(Records drawn from a dataset)
######

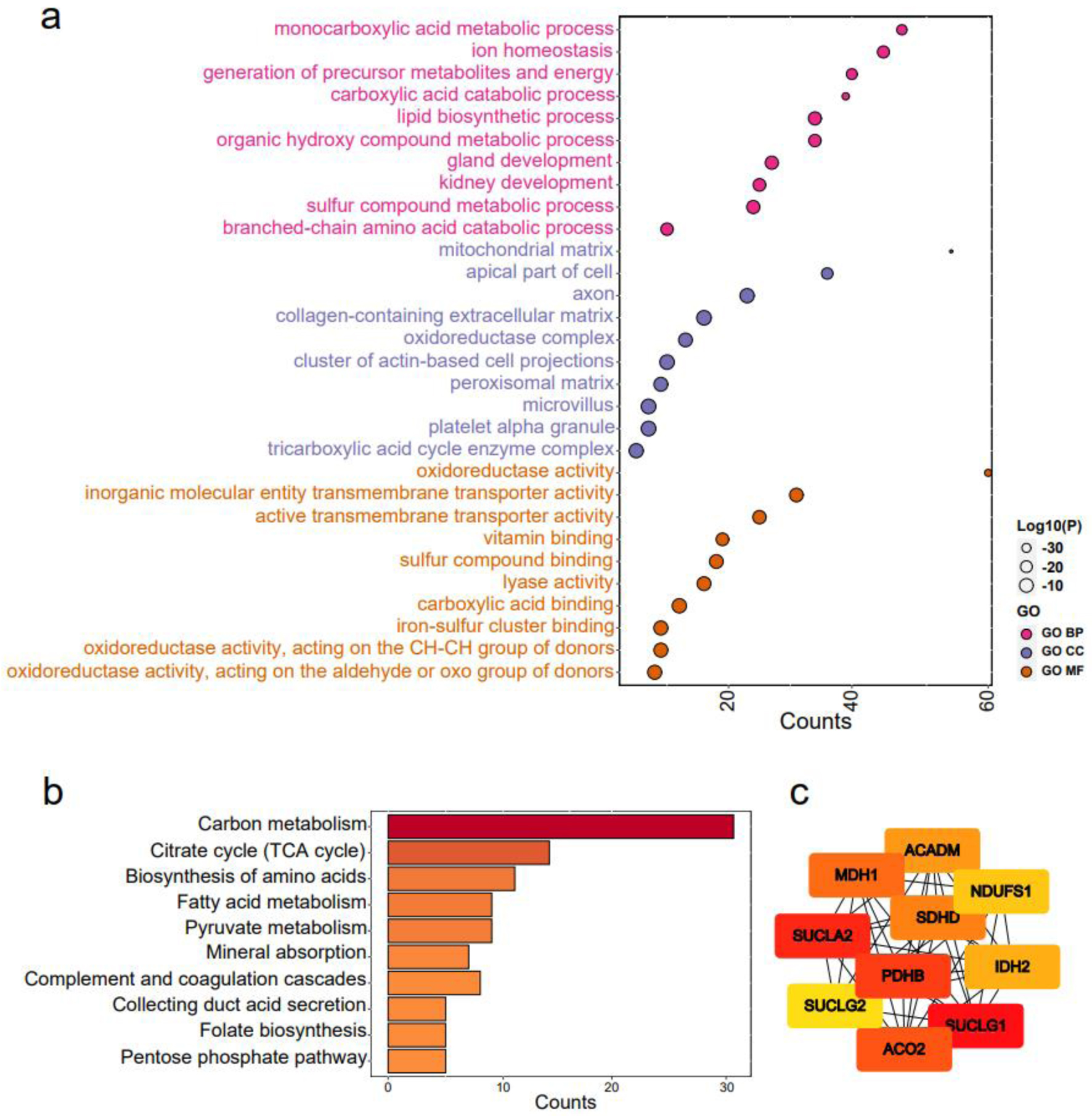 For GO enrichment analysis, the terms “carboxylic acid catabolic process” in biological processes (BP), “mitochondrial matrix” in cellular components (CC), and “oxidoreductase activity” in molecular functions (MF) were identified as highly enriched (Fig. 8a). In KEGG pathways analysis, “carbon metabolism” and “citrate cycle (TCA cycle)” were emphasized (Fig. 8b). Ten hub genes, including ACADM, ACO2, NDUFS1, PDHB, SDHD, SUCLA2, SUCLG1, SUCLG2, MDH1, and IDH2, were identified (Fig. 8c). Notably, eight of these hub genes, namely ACADM, ACO2, NDUFS1, PDHB, SDHD, SUCLA2, SUCLG1, and SUCLG2, exhibited significant correlations with overall survival in KIRC patients (Fig. 9a). A functional interaction network was constructed using these eight hub genes, with FH being identified as prominent (Fig. 9b).
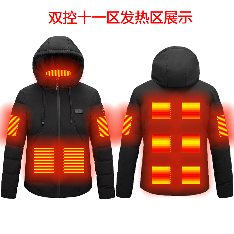 新型ダブルコントロール十一区知能発熱綿服フード付き保温男性用綿服屋外炭素繊維加熱コート
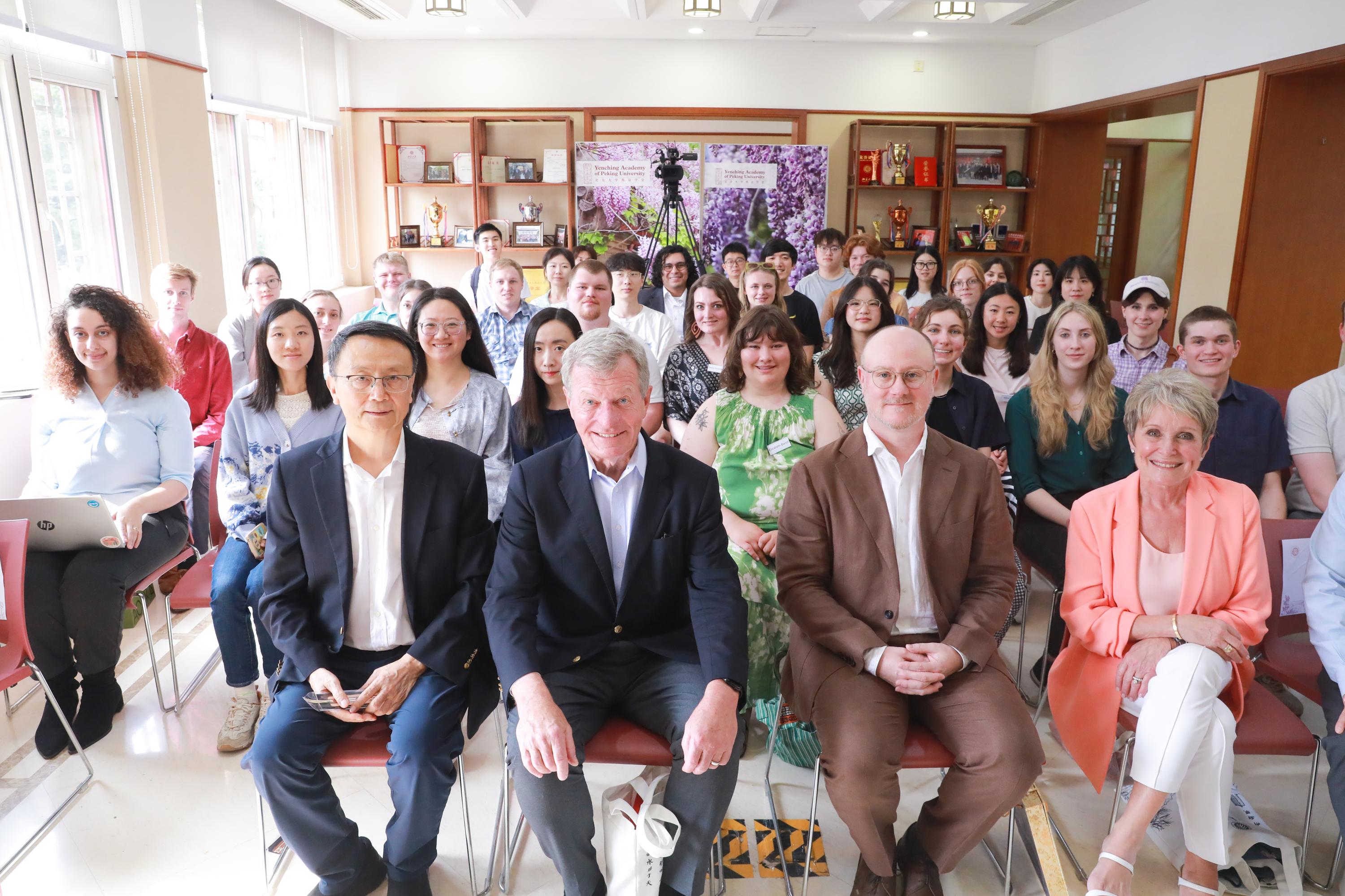 On May 21, 2025, Yenching Academy welcomed a delegation from the Max Baucus Institute, led by former U.S. Ambassador to China, Mr. Max Baucus, accompanied by his spouse, Melodee Hanes. The delegation comprised students from the University of Montana, Montana State University, and Montana Tech, with sponsorship from the China-United States Exchange Foundation.
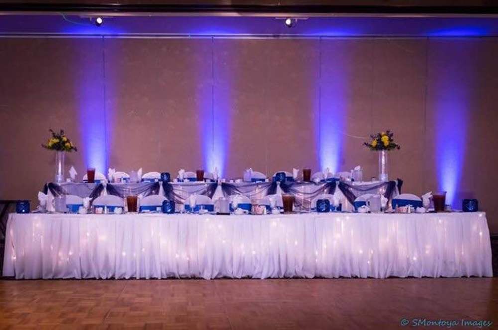 The Par 56 remains the most popular led uplight we rent. They are the most affordable choice that provides the most bang for your buck! These 2 photos below sent in from a rental client shows 5 lined up behind the head table at a wedding. Uplighting is a great way to accent a wall!
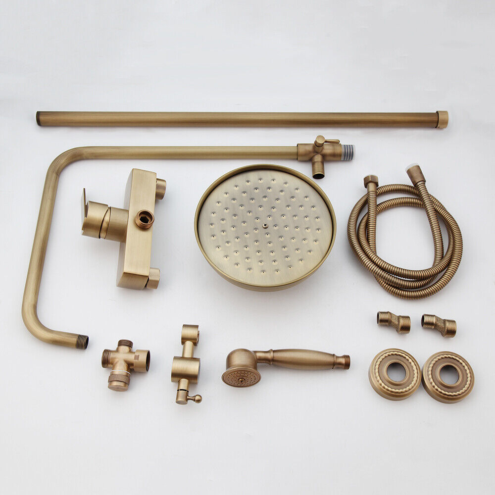 Beautiful bronze-coloured surface-mounted shower set in a country style.

######

Write out the data exactly, but not its pictures.

=== Response for this exercise ===
 For GO enrichment analysis, the terms “carboxylic acid catabolic process” in biological processes (BP), “mitochondrial matrix” in cellular components (CC), and “oxidoreductase activity” in molecular functions (MF) were identified as highly enriched (Fig. 8a). In KEGG pathways analysis, “carbon metabolism” and “citrate cycle (TCA cycle)” were emphasized (Fig. 8b). Ten hub genes, including ACADM, ACO2, NDUFS1, PDHB, SDHD, SUCLA2, SUCLG1, SUCLG2, MDH1, and IDH2, were identified (Fig. 8c). Notably, eight of these hub genes, namely ACADM, ACO2, NDUFS1, PDHB, SDHD, SUCLA2, SUCLG1, and SUCLG2, exhibited significant correlations with overall survival in KIRC patients (Fig. 9a). A functional interaction network was constructed using these eight hub genes, with FH being identified as prominent (Fig. 9b).
 新型ダブルコントロール十一区知能発熱綿服フード付き保温男性用綿服屋外炭素繊維加熱コート
 On May 21, 2025, Yenching Academy welcomed a delegation from the Max Baucus Institute, led by former U.S. Ambassador to China, Mr. Max Baucus, accompanied by his spouse, Melodee Hanes. The delegation comprised students from the University of Montana, Montana State University, and Montana Tech, with sponsorship from the China-United States Exchange Foundation.
 The Par 56 remains the most popular led uplight we rent. They are the most affordable choice that provides the most bang for your buck! These 2 photos below sent in from a rental client shows 5 lined up behind the head table at a wedding. Uplighting is a great way to accent a wall!
 Beautiful bronze-coloured surface-mounted shower set in a country style.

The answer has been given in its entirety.